*YOUR ASSIGNMENT*. Take the data below and extract the lines from the one with "11KN American retro" to the one with "96.30 | C00035278", inclusive, exactly as written.
== GIVEN RECORDS ==
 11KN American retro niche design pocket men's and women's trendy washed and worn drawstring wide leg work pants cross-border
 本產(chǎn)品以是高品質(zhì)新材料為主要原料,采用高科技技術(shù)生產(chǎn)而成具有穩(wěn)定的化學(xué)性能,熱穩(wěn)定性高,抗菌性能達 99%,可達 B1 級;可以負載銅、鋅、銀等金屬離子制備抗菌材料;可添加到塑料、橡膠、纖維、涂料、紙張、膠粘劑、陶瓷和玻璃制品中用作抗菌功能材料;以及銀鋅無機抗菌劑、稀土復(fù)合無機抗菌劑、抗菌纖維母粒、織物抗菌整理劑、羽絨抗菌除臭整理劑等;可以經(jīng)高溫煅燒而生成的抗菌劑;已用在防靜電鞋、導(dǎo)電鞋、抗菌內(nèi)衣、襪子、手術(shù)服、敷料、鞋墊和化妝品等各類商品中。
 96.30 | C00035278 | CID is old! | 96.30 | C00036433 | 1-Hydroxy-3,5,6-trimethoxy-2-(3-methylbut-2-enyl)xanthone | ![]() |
===
== GIVEN RECORDS ==
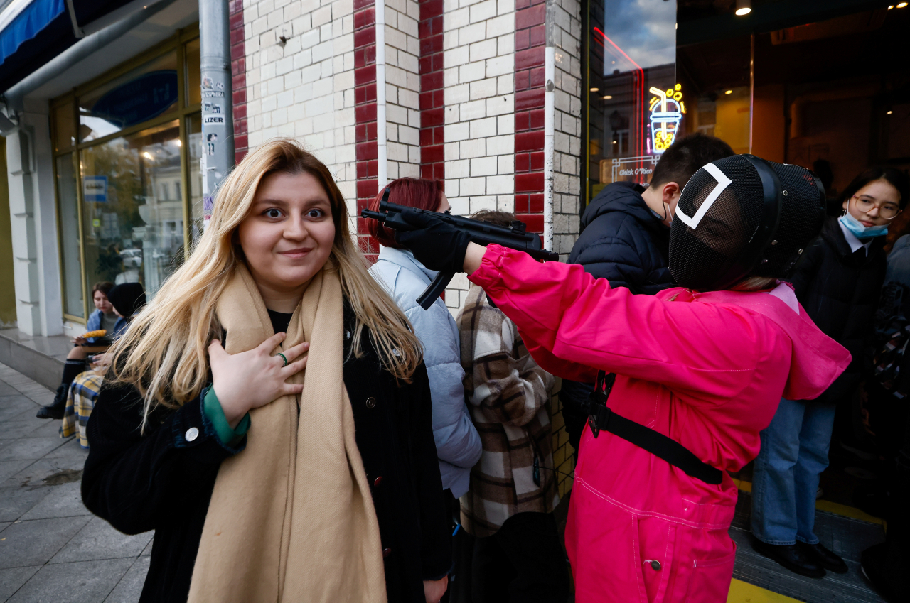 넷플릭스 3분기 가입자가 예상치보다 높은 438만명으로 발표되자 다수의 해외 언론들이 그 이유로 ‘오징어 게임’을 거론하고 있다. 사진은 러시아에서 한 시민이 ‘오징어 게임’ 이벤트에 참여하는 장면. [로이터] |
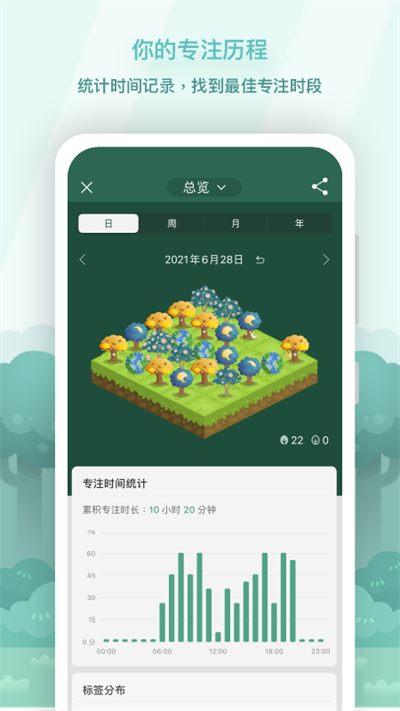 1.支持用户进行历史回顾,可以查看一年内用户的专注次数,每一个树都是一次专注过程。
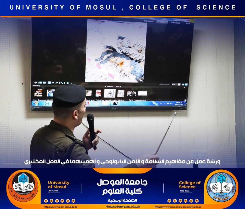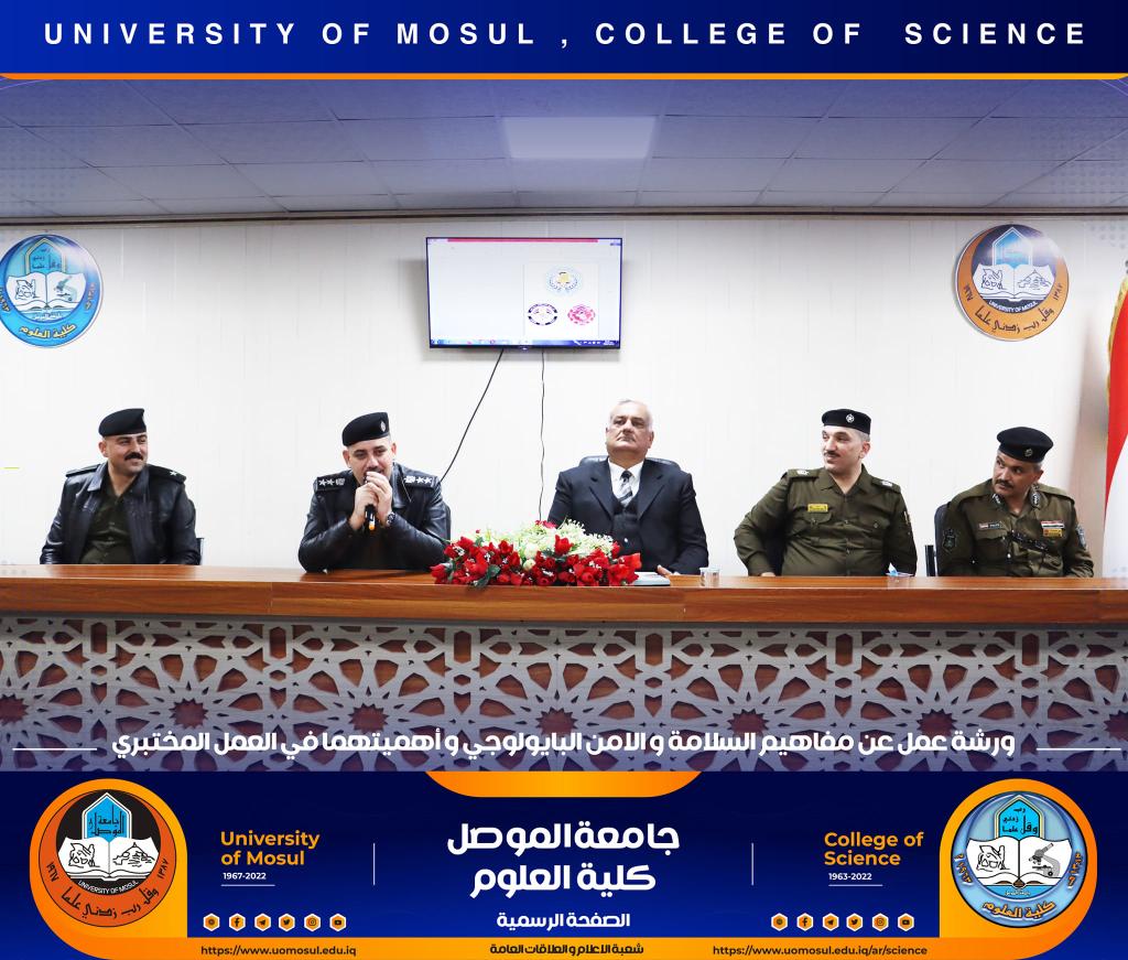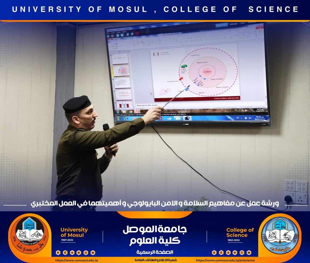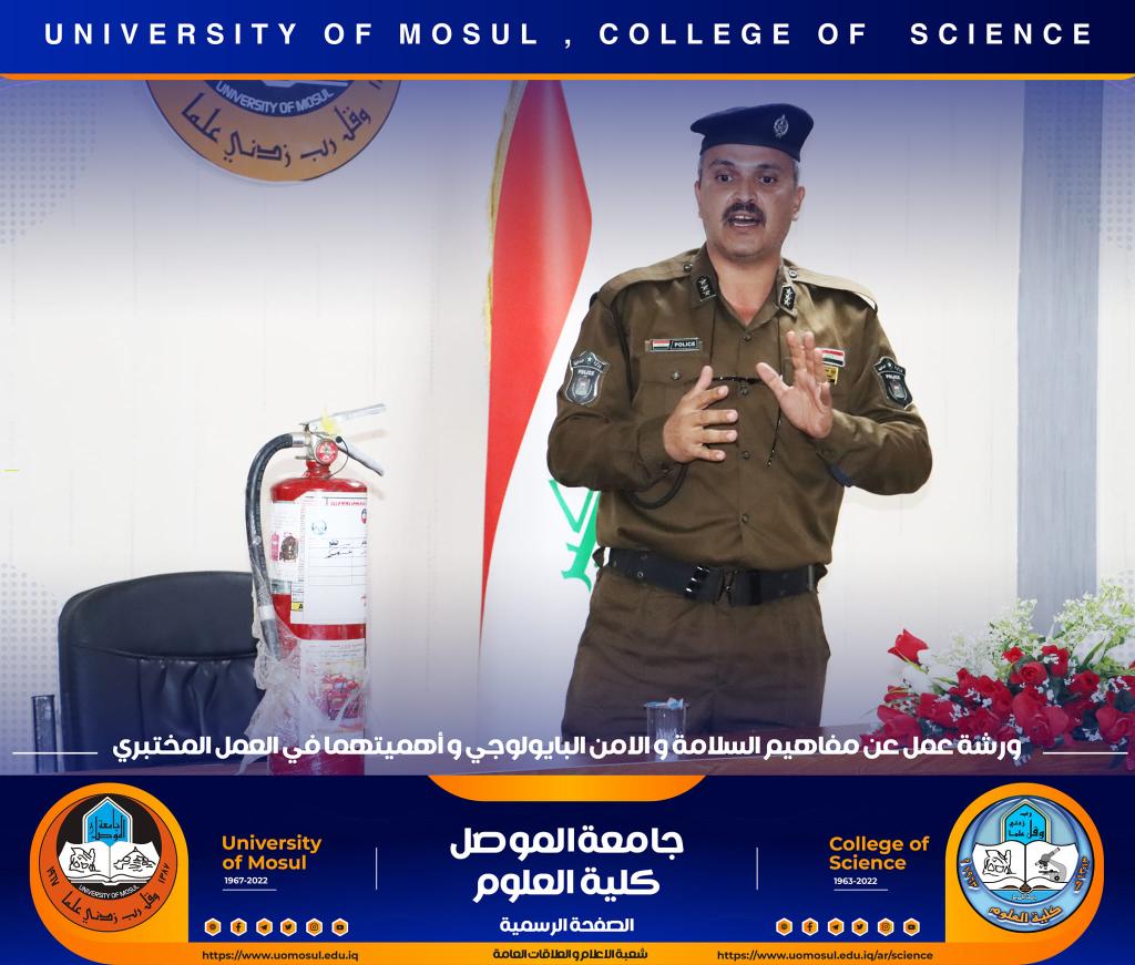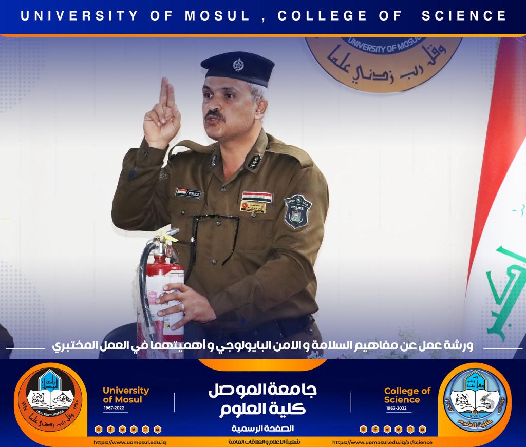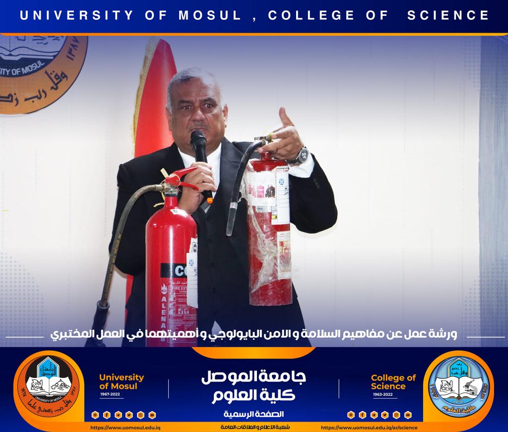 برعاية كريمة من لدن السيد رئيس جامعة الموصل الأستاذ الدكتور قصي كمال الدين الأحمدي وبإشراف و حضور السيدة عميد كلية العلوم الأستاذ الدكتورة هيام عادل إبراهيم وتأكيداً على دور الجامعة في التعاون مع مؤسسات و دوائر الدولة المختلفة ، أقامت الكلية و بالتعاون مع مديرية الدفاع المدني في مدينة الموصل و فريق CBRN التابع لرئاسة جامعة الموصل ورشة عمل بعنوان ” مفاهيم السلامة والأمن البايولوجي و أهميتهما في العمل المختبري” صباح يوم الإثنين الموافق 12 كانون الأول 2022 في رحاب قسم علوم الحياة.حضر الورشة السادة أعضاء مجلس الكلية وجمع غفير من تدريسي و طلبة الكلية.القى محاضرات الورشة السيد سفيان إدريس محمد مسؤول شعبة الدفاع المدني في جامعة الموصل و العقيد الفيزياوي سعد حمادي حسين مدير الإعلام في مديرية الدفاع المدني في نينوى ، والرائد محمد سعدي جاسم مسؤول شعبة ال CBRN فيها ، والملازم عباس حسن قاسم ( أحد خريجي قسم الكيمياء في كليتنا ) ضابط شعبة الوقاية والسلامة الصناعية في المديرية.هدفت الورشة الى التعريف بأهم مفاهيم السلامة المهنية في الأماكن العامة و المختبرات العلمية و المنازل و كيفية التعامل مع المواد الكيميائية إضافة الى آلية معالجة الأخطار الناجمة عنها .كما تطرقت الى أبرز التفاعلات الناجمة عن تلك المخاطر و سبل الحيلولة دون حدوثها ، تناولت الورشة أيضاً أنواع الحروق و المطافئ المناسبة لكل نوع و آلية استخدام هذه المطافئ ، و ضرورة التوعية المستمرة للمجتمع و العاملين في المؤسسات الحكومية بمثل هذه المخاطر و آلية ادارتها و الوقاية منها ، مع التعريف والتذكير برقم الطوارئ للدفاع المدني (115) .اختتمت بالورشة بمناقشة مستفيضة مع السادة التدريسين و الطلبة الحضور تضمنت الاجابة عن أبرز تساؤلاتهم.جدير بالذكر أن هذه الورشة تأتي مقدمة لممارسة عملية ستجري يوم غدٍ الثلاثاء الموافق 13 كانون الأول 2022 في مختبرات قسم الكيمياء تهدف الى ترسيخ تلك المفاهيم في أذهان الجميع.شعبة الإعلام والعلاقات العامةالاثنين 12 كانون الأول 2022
===
== GIVEN RECORDS ==
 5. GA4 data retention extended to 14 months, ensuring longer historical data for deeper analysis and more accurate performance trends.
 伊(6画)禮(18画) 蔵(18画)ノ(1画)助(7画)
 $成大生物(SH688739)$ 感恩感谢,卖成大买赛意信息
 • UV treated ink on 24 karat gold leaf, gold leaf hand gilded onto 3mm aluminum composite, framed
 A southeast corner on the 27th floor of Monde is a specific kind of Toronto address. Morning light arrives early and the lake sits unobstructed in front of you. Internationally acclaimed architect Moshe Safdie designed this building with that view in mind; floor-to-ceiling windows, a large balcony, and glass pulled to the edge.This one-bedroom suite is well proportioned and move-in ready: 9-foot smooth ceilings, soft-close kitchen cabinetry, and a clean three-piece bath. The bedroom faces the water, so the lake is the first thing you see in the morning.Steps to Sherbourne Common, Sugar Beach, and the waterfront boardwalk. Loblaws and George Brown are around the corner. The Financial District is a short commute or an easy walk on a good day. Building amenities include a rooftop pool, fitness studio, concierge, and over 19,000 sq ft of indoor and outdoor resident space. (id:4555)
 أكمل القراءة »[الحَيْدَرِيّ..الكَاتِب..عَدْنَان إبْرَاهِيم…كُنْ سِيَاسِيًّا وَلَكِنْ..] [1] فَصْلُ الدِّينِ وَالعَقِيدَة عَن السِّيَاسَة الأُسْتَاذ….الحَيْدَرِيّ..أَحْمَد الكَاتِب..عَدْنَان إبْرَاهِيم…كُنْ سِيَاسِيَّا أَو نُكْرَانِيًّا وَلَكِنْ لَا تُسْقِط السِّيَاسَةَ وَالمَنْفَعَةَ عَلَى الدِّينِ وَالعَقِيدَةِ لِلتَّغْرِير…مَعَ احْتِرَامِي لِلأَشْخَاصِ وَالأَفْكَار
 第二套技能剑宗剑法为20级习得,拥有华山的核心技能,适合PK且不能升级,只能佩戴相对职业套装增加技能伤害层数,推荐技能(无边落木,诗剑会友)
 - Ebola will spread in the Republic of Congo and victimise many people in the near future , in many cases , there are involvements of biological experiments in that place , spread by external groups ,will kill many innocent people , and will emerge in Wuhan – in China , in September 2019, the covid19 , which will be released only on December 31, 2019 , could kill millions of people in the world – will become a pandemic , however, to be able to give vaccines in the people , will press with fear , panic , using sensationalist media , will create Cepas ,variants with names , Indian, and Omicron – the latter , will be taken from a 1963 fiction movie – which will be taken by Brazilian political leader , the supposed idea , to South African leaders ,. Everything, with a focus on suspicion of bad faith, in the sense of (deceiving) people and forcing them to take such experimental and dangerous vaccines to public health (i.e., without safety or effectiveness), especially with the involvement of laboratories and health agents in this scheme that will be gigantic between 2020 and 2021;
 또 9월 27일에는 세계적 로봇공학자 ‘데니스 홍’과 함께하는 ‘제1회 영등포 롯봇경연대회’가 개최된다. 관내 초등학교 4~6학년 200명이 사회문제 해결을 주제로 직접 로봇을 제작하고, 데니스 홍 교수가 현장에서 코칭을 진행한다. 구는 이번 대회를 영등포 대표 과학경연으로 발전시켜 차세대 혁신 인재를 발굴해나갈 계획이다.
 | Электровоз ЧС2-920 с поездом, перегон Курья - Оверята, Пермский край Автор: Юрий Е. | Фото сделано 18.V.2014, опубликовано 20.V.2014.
===
*TASK SOLUTION*.
 11KN American retro niche design pocket men's and women's trendy washed and worn drawstring wide leg work pants cross-border
 本產(chǎn)品以是高品質(zhì)新材料為主要原料,采用高科技技術(shù)生產(chǎn)而成具有穩(wěn)定的化學(xué)性能,熱穩(wěn)定性高,抗菌性能達 99%,可達 B1 級;可以負載銅、鋅、銀等金屬離子制備抗菌材料;可添加到塑料、橡膠、纖維、涂料、紙張、膠粘劑、陶瓷和玻璃制品中用作抗菌功能材料;以及銀鋅無機抗菌劑、稀土復(fù)合無機抗菌劑、抗菌纖維母粒、織物抗菌整理劑、羽絨抗菌除臭整理劑等;可以經(jīng)高溫煅燒而生成的抗菌劑;已用在防靜電鞋、導(dǎo)電鞋、抗菌內(nèi)衣、襪子、手術(shù)服、敷料、鞋墊和化妝品等各類商品中。
 96.30 | C00035278 | CID is old! | 96.30 | C00036433 | 1-Hydroxy-3,5,6-trimethoxy-2-(3-methylbut-2-enyl)xanthone | ![]() |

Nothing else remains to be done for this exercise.